An application was made for a further FM licence in Autumn 2000, giving Burst the rights to 106.6 FM with a Restricted Service Licence. An application was made for another one-month licence in Summer 2001. This licence was also awarded, as well as a subsequent licence in November 2001, promoted by club nights and coverage in student and local press. In 2003, Burst began broadcasting via the internet on a permanent basis.

In 2005, talks began to start using an AM signal. Broadcasting on 1134 AM commenced in October 2007 via a transmitter in Stoke Bishop. The start of AM broadcasting coincided with new management and re-branding of the station. Burst went from an orange/blue logo to a new orange/red/white colour scheme. This was replaced by a 'headphones' style logo and, in 2010/2011, the colours of Burst were changed again to red and white.

In September 2007, the station updated its systems in preparation for the AM launch. Under the flag of 'Project Excalibur', the on-air studio was refurbished and new equipment installed. This culminated in a live broadcast with BBC Radio 6 Music. In December 2007, Burst's production studio was also updated, bringing it in line with the changes in the on-air studio.

In 2008, Burst launched the first ever student radio soap, 'The Arches', in collaboration with Epigram, the student newspaper. A new Union show was also launched. This was, however, cut short after a multiple computer breakdown in 2008.

Burst recommenced broadcasting in 2010, airing every day during term time.

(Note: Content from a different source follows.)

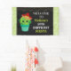 Una pancarta de cumpleaños con un bonito ilustracion de un cañón y un cactus verde redondo, con grandes ojos kawaii, sonrientes y con un sombrero rojo. Parado dentro de una maceta de flores. La parte superior está decorada con rociadas de helados de colores. El fondo es una imagen de pizarra negra con hileras verdes a lo largo de la frontera.
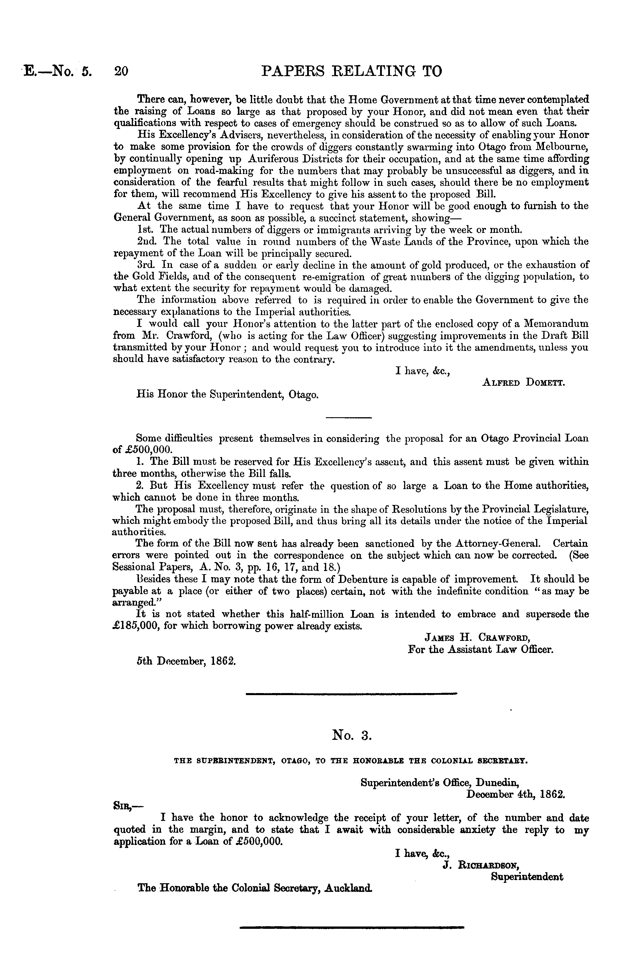 No. 3. THE SUPERINTENDENT, OTAGO, TO THE HONORABLE THE COLONIAL SECRETARY. Superintendent's Office, Dunedin, December 4th, 1862. Sir,— I have the honor to acknowledge the receipt of your letter, of the number and date quoted in the margin, and to state that I await with considerable anxiety the reply to my application for a Loan of £500,000. I have, <fec, J. Richardson, Superintendent The Honorable the Colonial Secretary, Auckland.

In 2019, specialist programming was combined with dedicated 'Breakfast' and 'Hangover Brunch' slots on weekdays, and 10am-12pm 'Brunch' shows at weekends. It fazed out overnight music at the end of 2019, with an hour's early music on 14 December. On 1 November 2021, off-schedule broadcasting returned during term times, with the station now joining BCfm overnight.

On 25 February 2018, Burst hosted the Student Radio Association's 'Student Chart Show'.

In September 2019, Oscar Edmondson and Rhiannon Du Cann took over as Station Manager and Operations Manager, implementing a podcast recording schedule to run in parallel with live shows.

The station went off air when the University of Bristol closed to manage the COVID-19 pandemic, but on 9 April 2020 it broadcast 'The Bristol University Singalong' for one hour over pop-up station Burst Radio Quarantine. It then offered a slimmed-down schedule the following term, returning to usual scheduling in September 2021 alongside a visual relaunch spearheaded by Station Manager George Ruskin, Operations Manager Fergal Maguire and Head of Commercial Octavia Hutchings.

== Current Position ==

From 2019, news bulletins broadcast hourly from an external newsroom. Travel, sport and weather reports also recur during 'Breakfast', 'Brunch' and 'Hangover Brunch' programmes. Burst's shows are all in-house, though some podcast series are independent student productions. The station does not carry advertising but may accept sponsorship deals.

The station's facilities consist of an on-air studio, from which most live programmes are presented, and a production studio, used for recording and editing. Additionally, music sessions may be recorded in the 'Burst Music Room', located on another floor of the Student Union building.

As of 2023, the Burst leadership team consists of Flora Guildford (station manager), Katie Wood (head of operations) and Lorenzo Horne (head of commercial).

== Alumni ==

Notable former broadcasters include the comedians Marcus Brigstocke and Danny Robins, magician Chris Cox, presenter Paris Troy and footballer Theofanis Gekas.